Regulation meets fintech: the key to customer empowerment?
This month, a revolutionary new regulator has been introduced in the UK. It's called the Payment Systems Regulator (PSR), and some commentators are speculating that it could mean the end of banking as we know it.
The PSR is the first regulatory body the £75tn-per-year system has ever had. Its mission? To break up the long-established monopoly of the traditional banks and give smaller companies a chance, creating a fairer system for customers. The government hopes that introducing competition will drive innovation, which means that financial technology, or fintech, is about to find itself at the centre of the revolution.
Working with the Financial Conduct Authority and the Competition and Markets Authority, the PSR is forcing the industry to put consumers first. Hannah Nixon, managing director of the PSR, said, “Our approach will bring change to the industry, injecting competition and innovation where it is needed most, and will put the interests of the people and businesses that use payment systems front and centre. True, long lasting change will be difficult, but we have the powers and the people to make it happen. Our challenge now – the challenge we share with industry – is to work together to deliver it."
The technology to revolutionise business and consumer banking has been at our fingertips for years, but the industry has typically been slow to react. Because of the lack of competition, consumers haven't had options – even though traditional banks aren't giving people what they want, they have little choice but to stay. Even switching banks is a complicated process – why would a company make it easy for their customers to take their business elsewhere? But the benefits that lured you in as an 18-year-old university student don't last forever. Once you have a mortgage or a business loan, the temporarily interest-free overdraft and national Railcard seem a lot less appealing. Banks have gotten comfortable, and there has been no incentive to change. But there is now.
Users are being actively encouraged to think about paying their bills, receiving their salaries and transferring money in a newer, quicker and cheaper way. Because of their previously unassailable monopoly, high street banks have been able to charge much higher fees for things like sending money overseas than smaller tech start-ups. With open competition, the possibilities are endless and the power is being placed squarely in the consumers' hands.

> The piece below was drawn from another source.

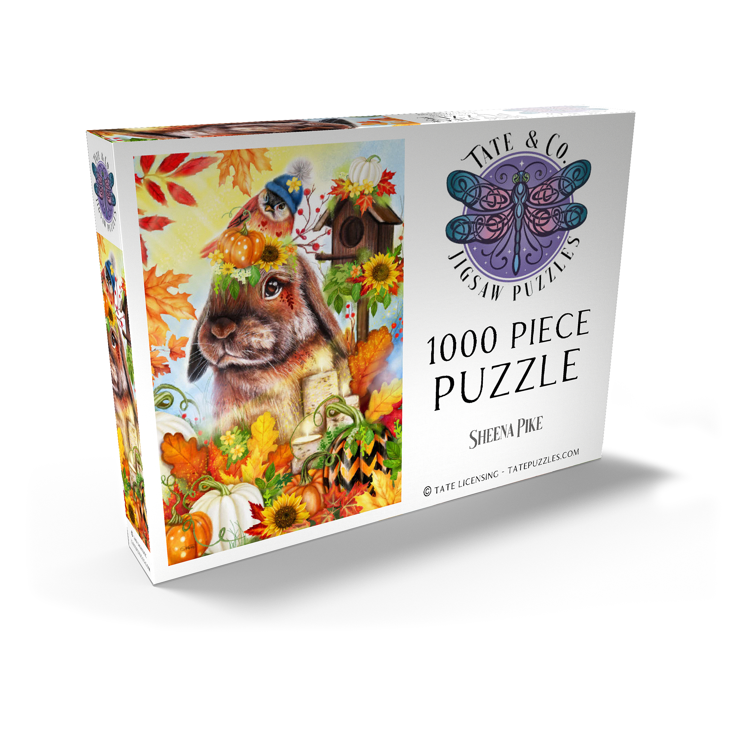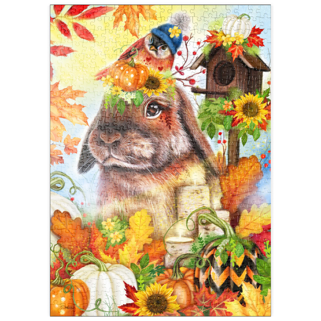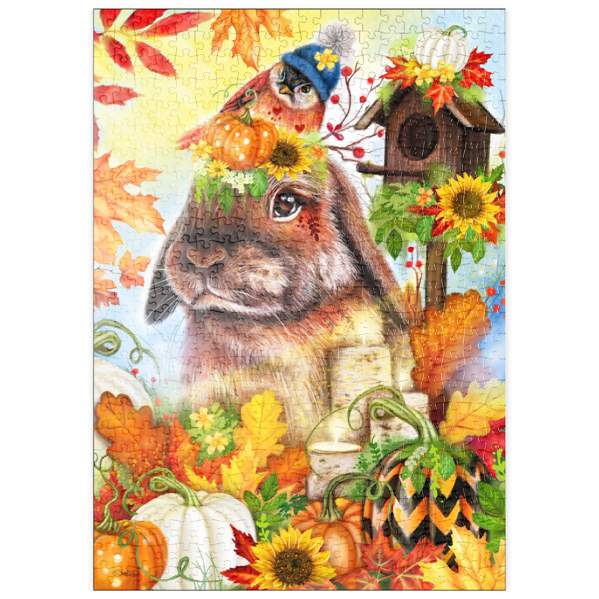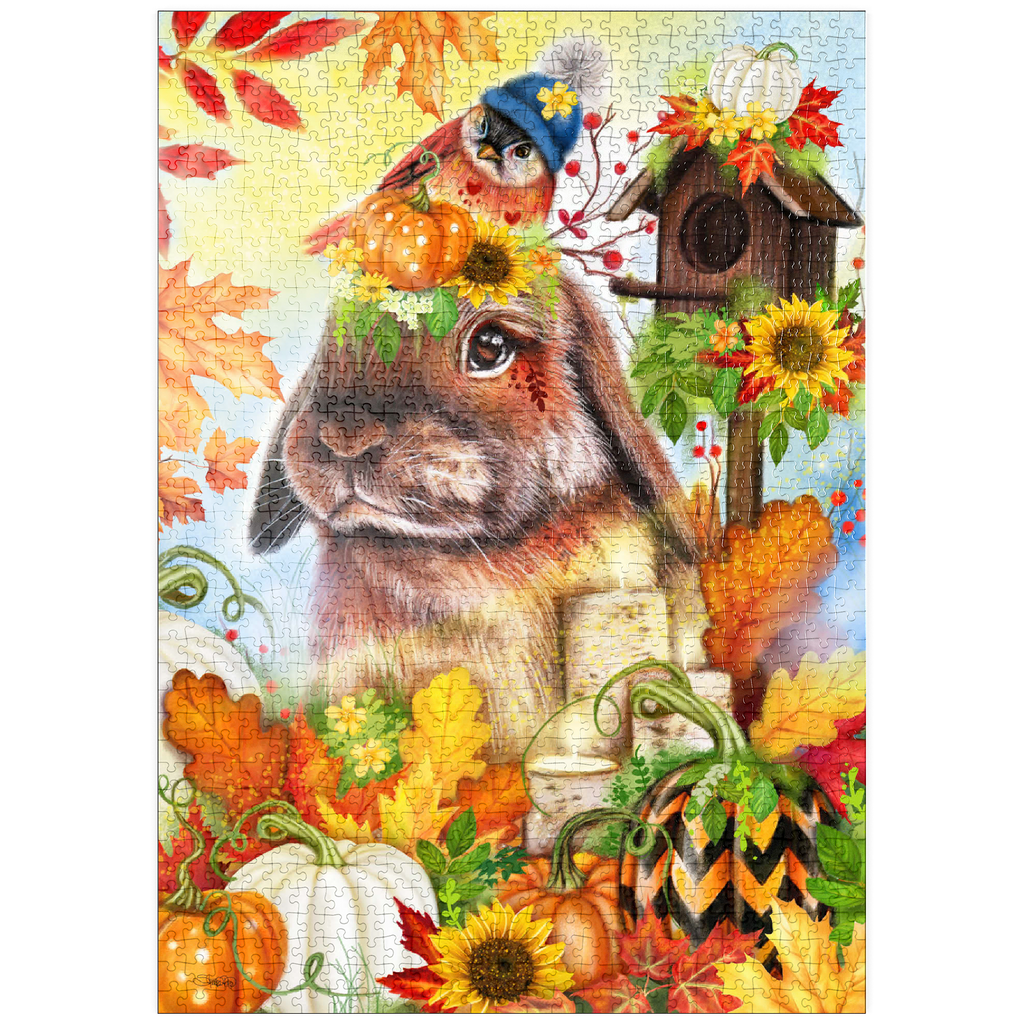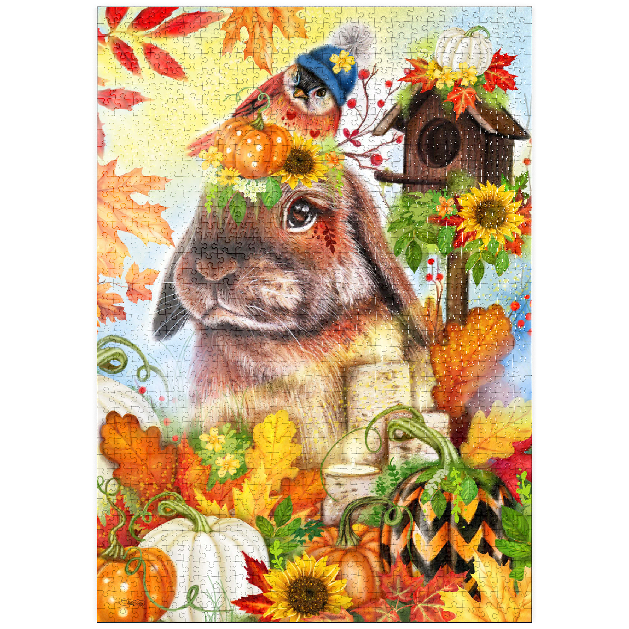 Eine bezaubernde und idyllische Herbstszene, meisterhaft illustriert. Ein sanftes Kaninchen, die zentrale Figur, wird von einem niedlichen Vogel auf seinem Kopf geziert, was ein herzerwärmendes Gefühl der Verbundenheit vermittelt. Die Umgebung strahlt in den leuchtenden Farben des Herbstlaubs, durchsetzt mit Kürbissen und zarten Blumen, und vermittelt ein Gefühl von rustikaler Gemütlichkeit. Die Szene erinnert an einen idyllischen Garten, der Wärme und Ruhe ausstrahlt. Inspiriert von der Kunst von Sheena Pike, eignet sich dieses Bild ideal für ein faszinierendes Puzzle, das den Betrachter in eine Welt voller sanfter Harmonie und saisonaler Schönheit entführt.
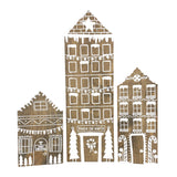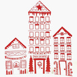 Set of three hand-drawn holiday wood houses in your choice of stain or white finish

A Payments Strategy Forum is being set up as a first step towards clarifying the new vision for payment systems. It will include 14 different industry and service-user experts including giants like Visa and Barclays, a representative from Which?, and the managing directors of newer alternative systems like Faster Payments and PayPoint.
The change won't happen overnight, but hopefully these new initiatives will lead to a crucial difference; financial service providers will aim to make life easier for their customers rather than the other way around.